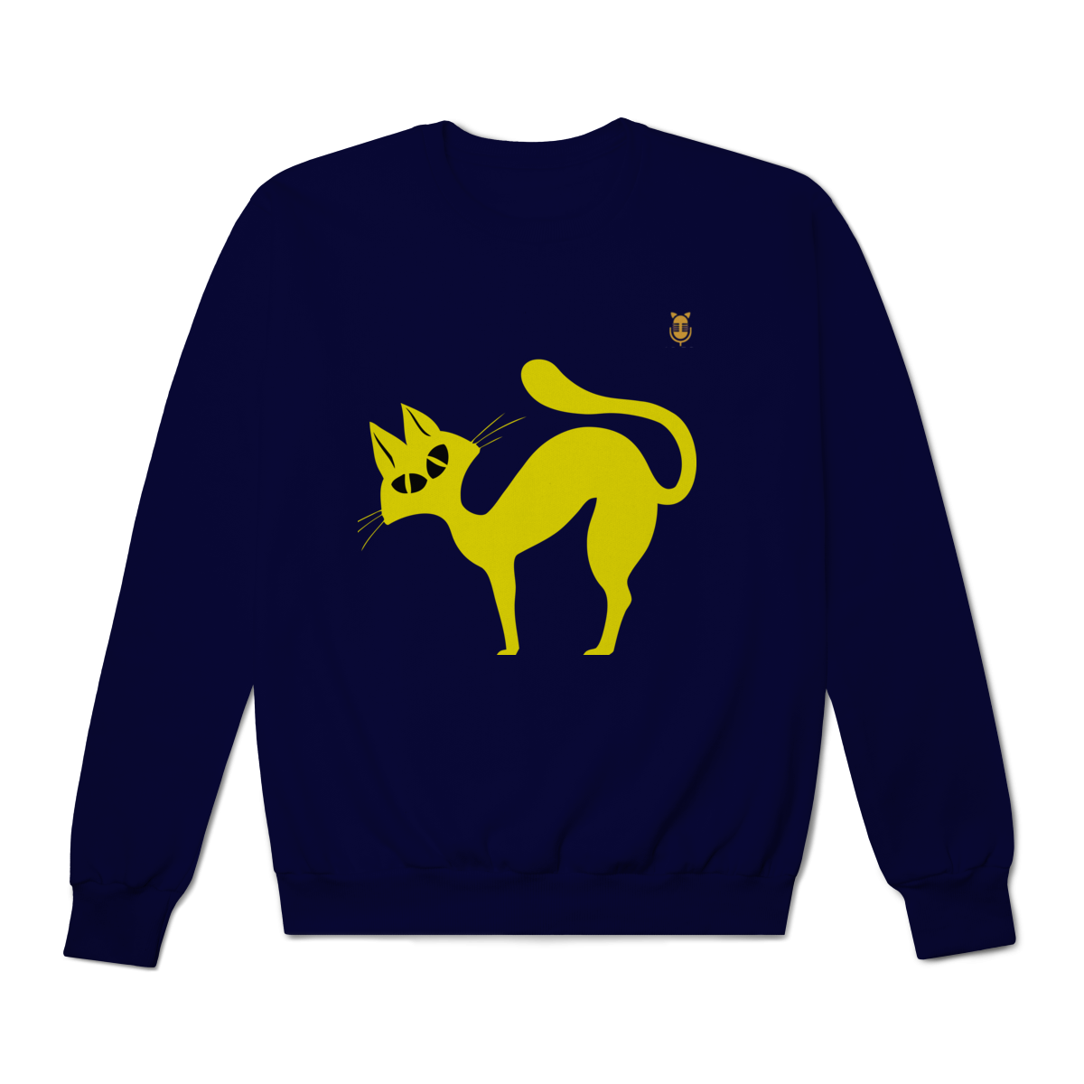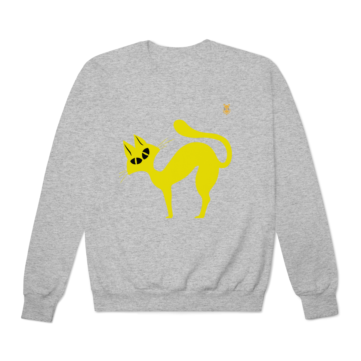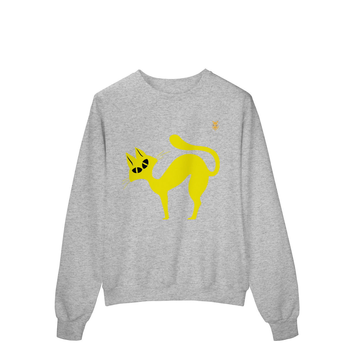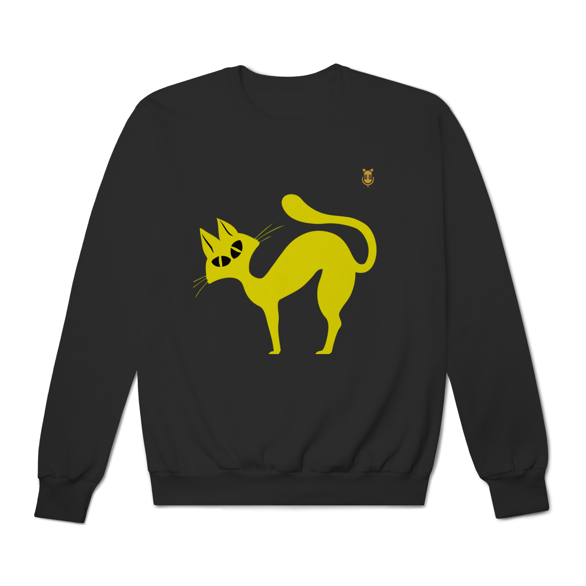 A  Gato Curioso traz um felino estilizado em linhas fluidas amarelas, com expressão intrigante e charme minimalista.
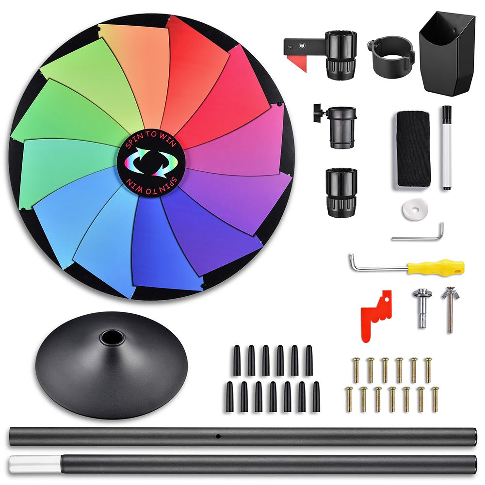 WinSpin 36" Color Prize Wheel can be placed on the tabletop or floor, making it a perfect parter for party planners or carnival organizers, etc. Also, its big customizable board is perfect for logo or text or image to meet diverse demands. Don`t worry! The text on prize wheel board can be easily cleaned!
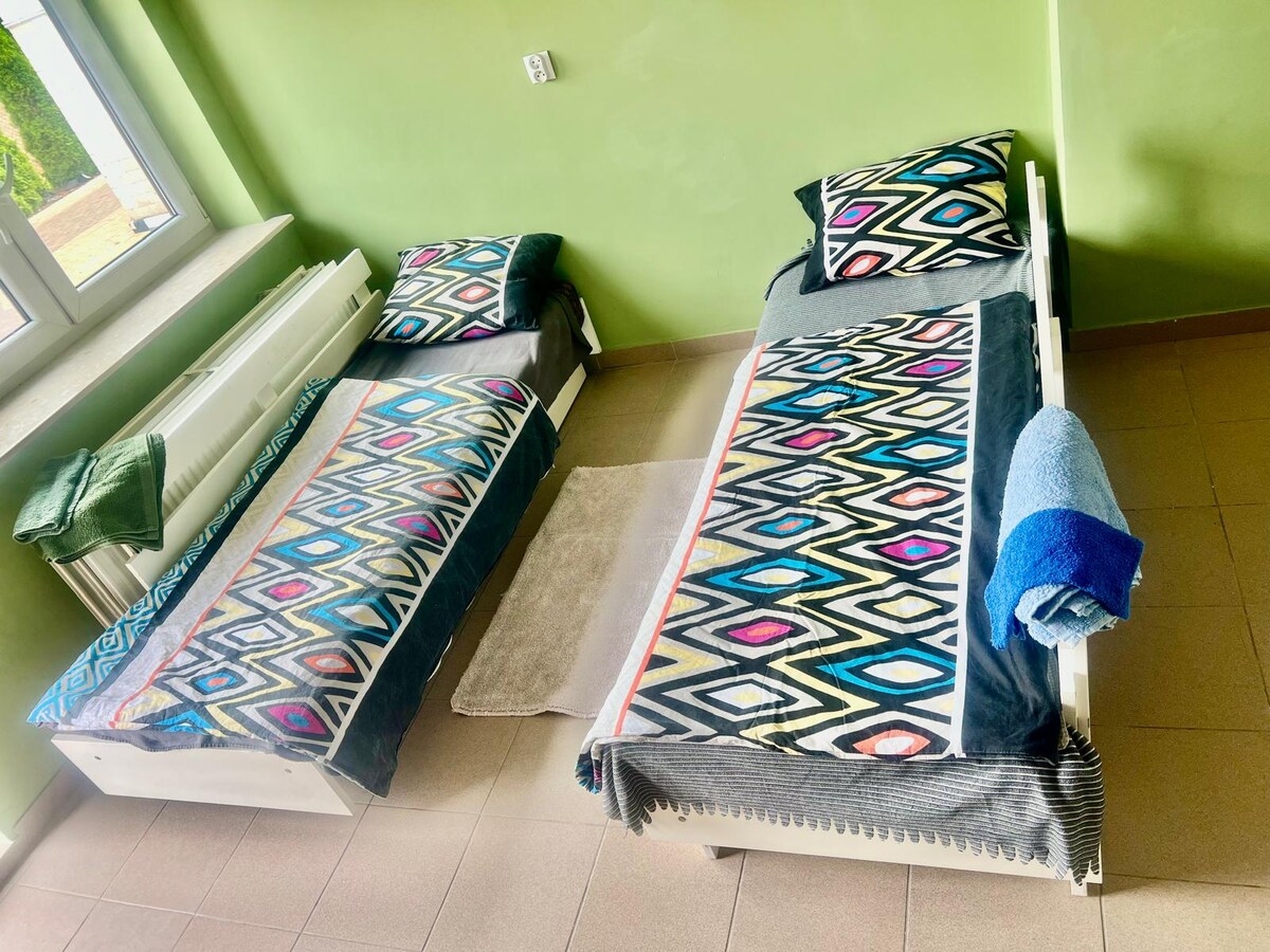 Nuestra casa es un asentamiento que consta de una casa con 3 habitaciones espaciosas, una gran cocina con estufa de azulejos, un baño, un porche y una terraza. La casa está rodeada por una gran parcela vallada. En la parcela hay, entre otros, hamacas, tumbonas, cenador con parrilla. La oferta incluye una bañera de hidromasaje ♨️ 💧 (con cargo adicional). Una botella de vino espera a cada uno de nuestros huéspedes. La gran superficie de la propiedad permite jugar al voleibol o al bádminton. En nuestro encantador pueblo también hay una hermosa playa de arena a orillas del río Liwiec.
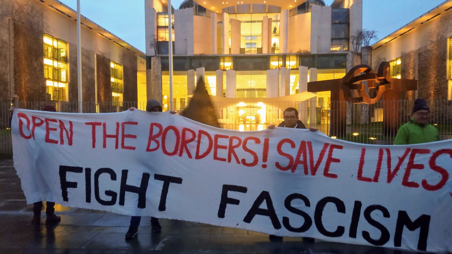 Jetzt vorm Bundeskanzleramt in Berlin, viele solidarische Menschen. Danke Seebrücke für die kurzfristige bundesweite Mobilisierung.
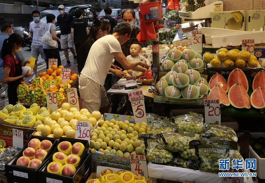 这是9月30日在香港鹅颈街市拍摄的一家水果摊点。 新华社记者 王申 摄
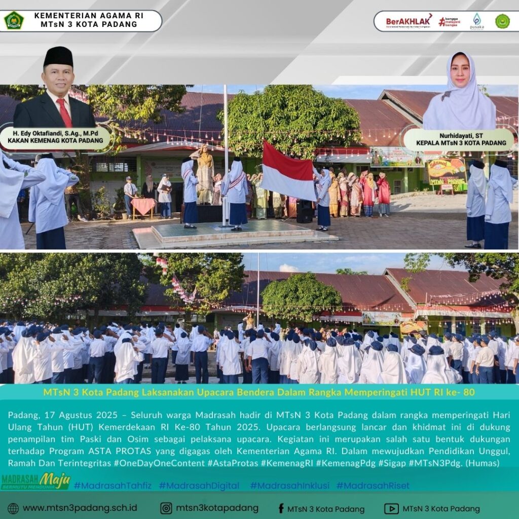 Padang, Humas – Minggu, 17 Agustus 2025, seluruh warga MTsN 3 Kota Padang melaksanakan Upacara Bendera dalam rangka memperingati Hari Ulang Tahun (HUT) Kemerdekaan Republik Indonesia ke-80. Bertempat di lapangan madrasah, upacara berlangsung dengan khidmat, tertib, dan penuh semangat kebangsaan. Peserta upacara terdiri dari siswa, guru, dan tenaga kependidikan yang hadir mengenakan pakaian seragam lengkap sebagai wujud penghormatan pada peringatan hari bersejarah bangsa ini.
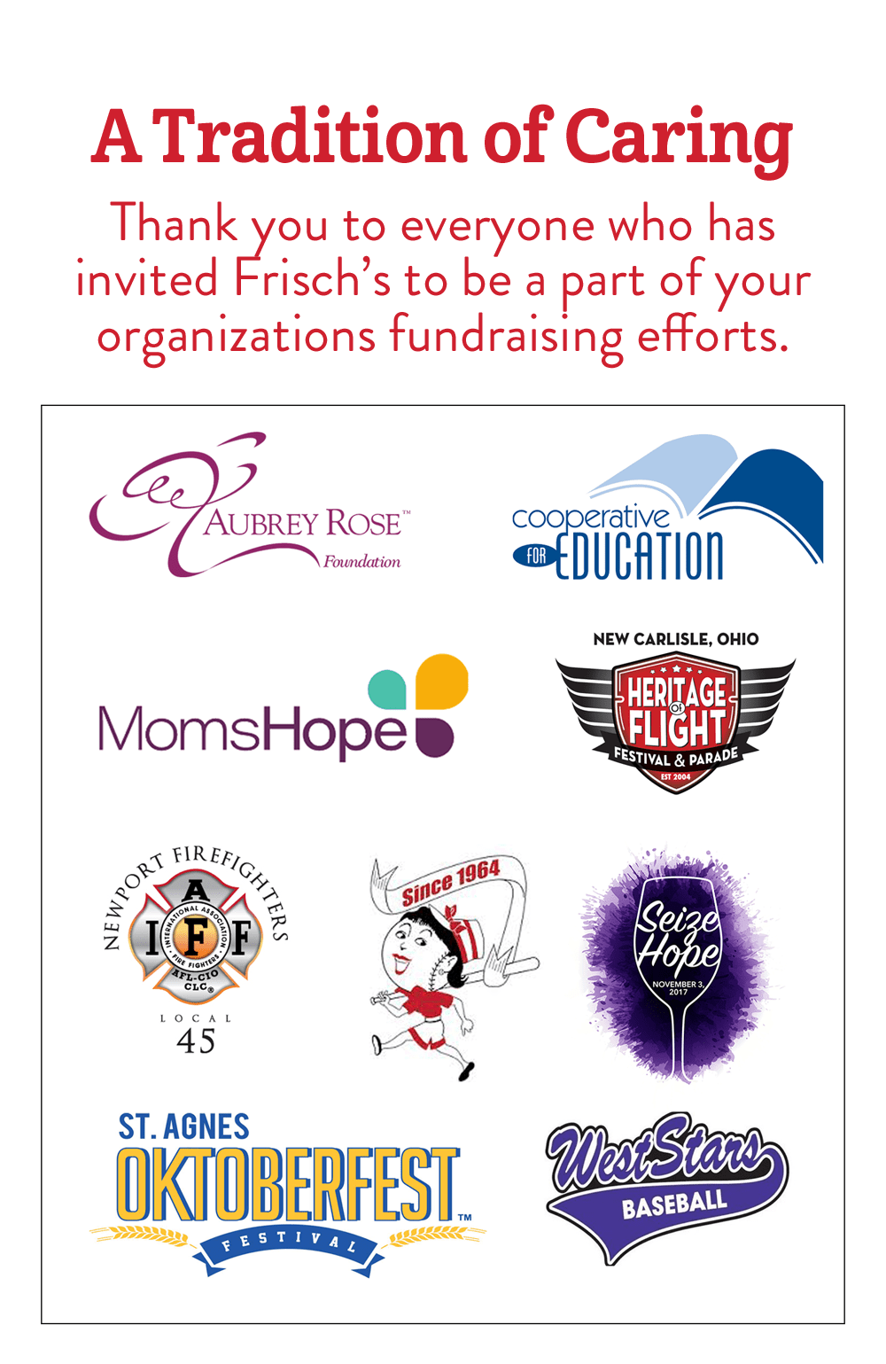 Thank you for inviting Frisch’s to be a part of your organization’s fundraising efforts. Please fill out the form & allow atleast 4 weeks prior to the date of the event. Please complete all fields. Please note Frisch’s is unable to donate food items due to food safety concerns.

Directions ▸
Can you retype every record above exactly, leaving out the pictures?

Task output ▸
 A  Gato Curioso traz um felino estilizado em linhas fluidas amarelas, com expressão intrigante e charme minimalista.
 WinSpin 36" Color Prize Wheel can be placed on the tabletop or floor, making it a perfect parter for party planners or carnival organizers, etc. Also, its big customizable board is perfect for logo or text or image to meet diverse demands. Don`t worry! The text on prize wheel board can be easily cleaned!
 Nuestra casa es un asentamiento que consta de una casa con 3 habitaciones espaciosas, una gran cocina con estufa de azulejos, un baño, un porche y una terraza. La casa está rodeada por una gran parcela vallada. En la parcela hay, entre otros, hamacas, tumbonas, cenador con parrilla. La oferta incluye una bañera de hidromasaje ♨️ 💧 (con cargo adicional). Una botella de vino espera a cada uno de nuestros huéspedes. La gran superficie de la propiedad permite jugar al voleibol o al bádminton. En nuestro encantador pueblo también hay una hermosa playa de arena a orillas del río Liwiec.
 Jetzt vorm Bundeskanzleramt in Berlin, viele solidarische Menschen. Danke Seebrücke für die kurzfristige bundesweite Mobilisierung.
 这是9月30日在香港鹅颈街市拍摄的一家水果摊点。 新华社记者 王申 摄
 Padang, Humas – Minggu, 17 Agustus 2025, seluruh warga MTsN 3 Kota Padang melaksanakan Upacara Bendera dalam rangka memperingati Hari Ulang Tahun (HUT) Kemerdekaan Republik Indonesia ke-80. Bertempat di lapangan madrasah, upacara berlangsung dengan khidmat, tertib, dan penuh semangat kebangsaan. Peserta upacara terdiri dari siswa, guru, dan tenaga kependidikan yang hadir mengenakan pakaian seragam lengkap sebagai wujud penghormatan pada peringatan hari bersejarah bangsa ini.
 Thank you for inviting Frisch’s to be a part of your organization’s fundraising efforts. Please fill out the form & allow atleast 4 weeks prior to the date of the event. Please complete all fields. Please note Frisch’s is unable to donate food items due to food safety concerns.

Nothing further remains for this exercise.